Would you please print exactly the lines that run from the one with "425 A + SILVER G 200" to the last line of the data, both included, without any pictures?

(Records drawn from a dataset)
══════════

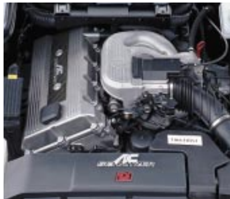
AC Schnitzer Triebwerk Z3 2.1 für BMW Z3 1.8 mit M43 Motor, Leistung: 108 kW (147 PS) AC Schnitzer Triebwerk Z3 2.1 für BMW Z3 1.9 mit M44 Motor, Leistung 129 kW (175 PS)
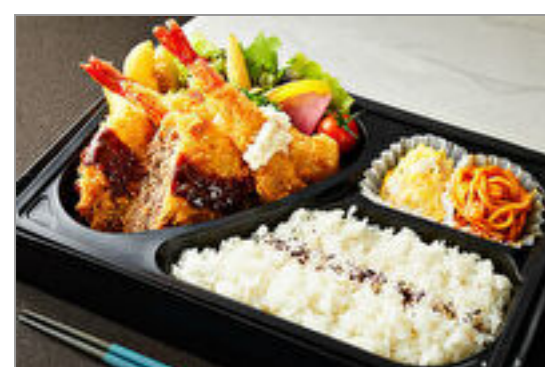
デミメンチカツ&大海老フライ弁当

商品によっては、注文条件やオプション・サービス等がございますので、詳しくは WEB でご確認ください。
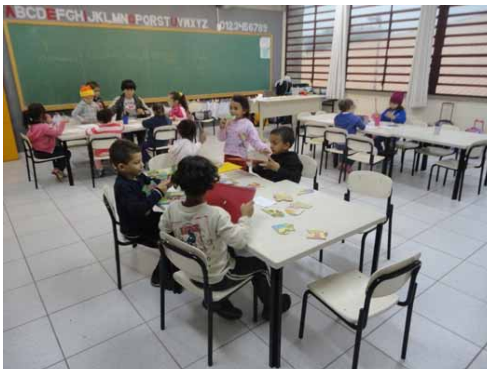
Imagem 22 – Sistema de rodízio
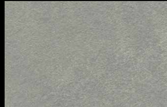
425 A + SILVER G 200
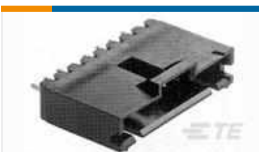
TE Teilenummer5-104362-4 05 MTE HDR SRST LATCH W/HLDWN
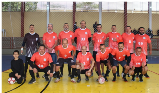
Campeão: Departamento de Esportes cresce na reta final e levanta a taça
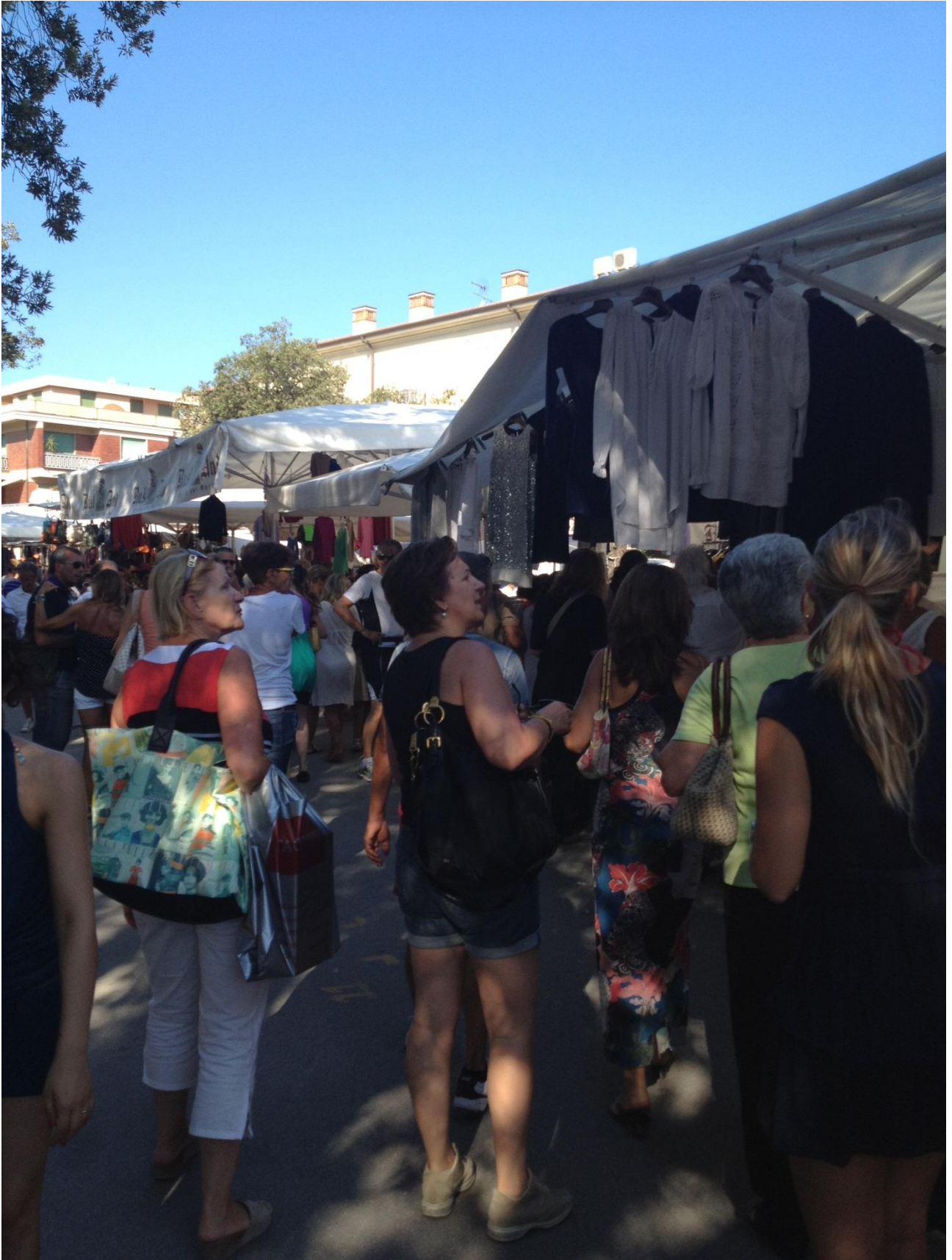
19/08/12 Forte dei Marmi mercatino della domenica.

══════════

Task solution:
425 A + SILVER G 200
TE Teilenummer5-104362-4 05 MTE HDR SRST LATCH W/HLDWN
Campeão: Departamento de Esportes cresce na reta final e levanta a taça
19/08/12 Forte dei Marmi mercatino della domenica.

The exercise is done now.